Foi convocada uma Assembleia Geral Extraordinária para 2 de Fevereiro de 1929, onde o presidente do Clube e o antigo capitão geral apresentaram as suas razões. A maioria dos associados presentes manifestou apoio ao jogador, o que deu origem à demissão da Direcção. Devido ao adiantado da hora e ao extremar de posições entendeu-se suspender a Assembleia Geral, ficando decidido a convocação de outra para eleger uma nova Direcção e deliberar sobre a “Questão Jorge Vieira”, como se passou a chamar. Em 22 de Fevereiro, a maioria dos sócios presentes (144 contra 130 e 5 abstenções) aprovou uma moção onde se exaltavam as qualidades do atleta e se declaravam nulas as sanções que lhe foram aplicadas. Jorge Vieira voltou a jogar futebol e vestiu a camisola leonina até 1932, a única que envergou durante a sua carreira desportiva.

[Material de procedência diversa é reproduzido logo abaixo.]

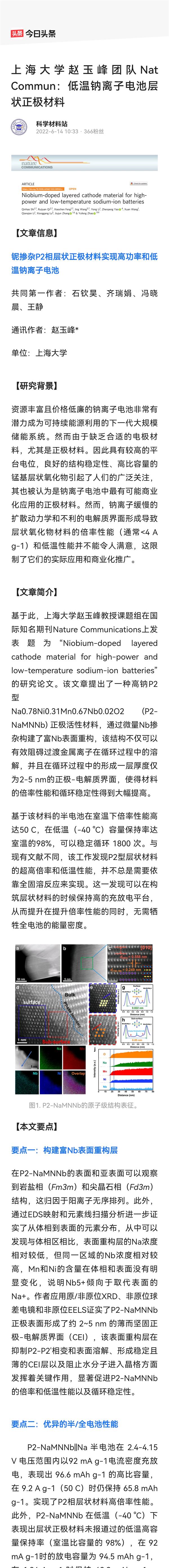 今日頭條:上海大學趙玉峰團隊Nat Commun:低溫鈉離子電池層狀正極材料
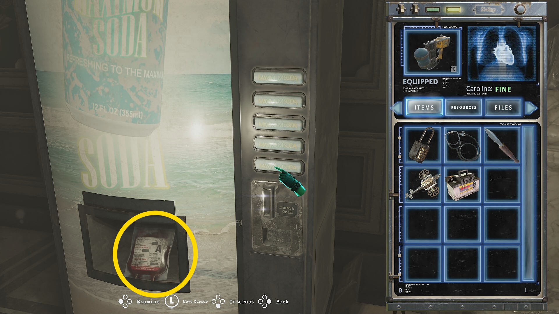 - 5つのボタンがランダムに点滅するミニゲームを5セットクリアすれば Blood Bag(以降、血液バッグ) が出てくる
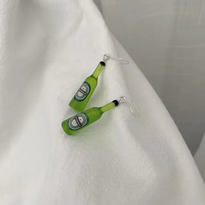 Modische Ohrringe aus Harz mit Bierflasche, kreative Simulation von Mineralflaschen, Ohrringe, süße handgemachte Ohrringe, Damenschmuck
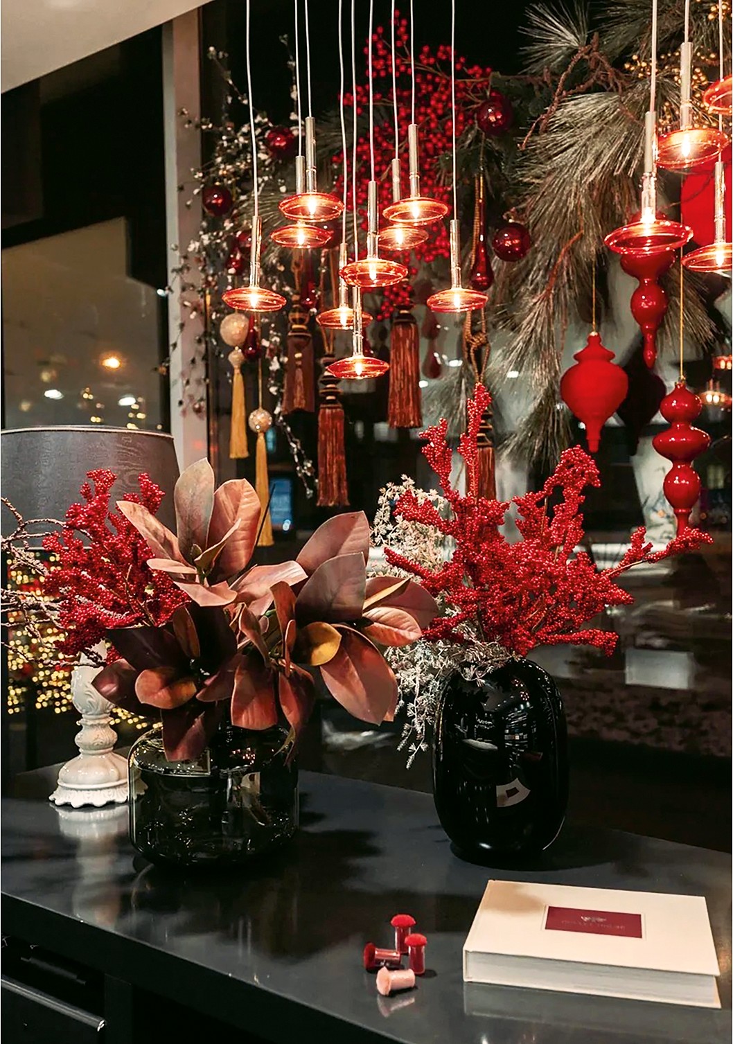 Любители ярких сочетаний могут добавить в композиции горшечную пуансеттию — красный цветок, который называют Рождественской звездой. Многим он знаком по американским фильмам — вспомните любой, действие которого разворачивается в рождественскую пору. Также добавить к хвое можно алые ягоды илекса, напоминающие калину. Илекс стойкий, после среза долго сохраняет свою красоту и хорошо гармонирует с другими цветами.
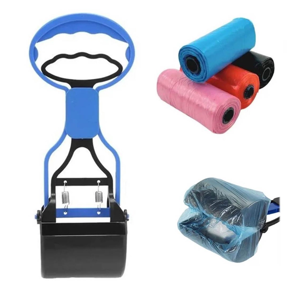 Kit Pá Coletora Pet Pegador de Fezes + 4 Saquinho Cata-Caca Higiênicos Pet
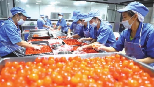 8月31日,衡东县霞流镇李花村,鸭蛋加工企业员工进行咸蛋黄分拣、包装。 湖南省衡阳市衡东县霞流镇李花村充分发挥禽蛋养殖加工传统优势,引进咸鸭蛋加工企业,带动村民年养殖鸭30万羽以上,实现年加工咸鸭蛋2.5亿枚,产值3亿元以上。

A “Questão Jorge Vieira” envolve duas lições importantes para nós, sportinguistas. A primeira refere-se a dois leões invulgares que discordaram e se confrontaram em determinado momento das suas vidas por se manterem fiéis às suas convicções. Ortega y Gasset escreveu um dia que “o homem é o homem e a sua circunstância”, princípio que se aplica de forma cristalina ao presidente Joaquim Oliveira Duarte e ao atleta Jorge Vieira, duas figuras maiores da História do Sporting.
A segunda lição decorre do descontentamento exibido por alguns sportinguistas quanto à opinião crítica de outros adeptos ao Conselho Directivo em funções. É frequente que essa insatisfação se manifeste de forma impaciente e agressiva, dando origem a uma fraseologia bem conhecida por todos nós. Afinal, a “Questão Jorge Vieira” remete para o ADN leonino quanto à forma do envolvimento dos sportinguistas naquilo que consideram ser a matriz identitária do seu Clube.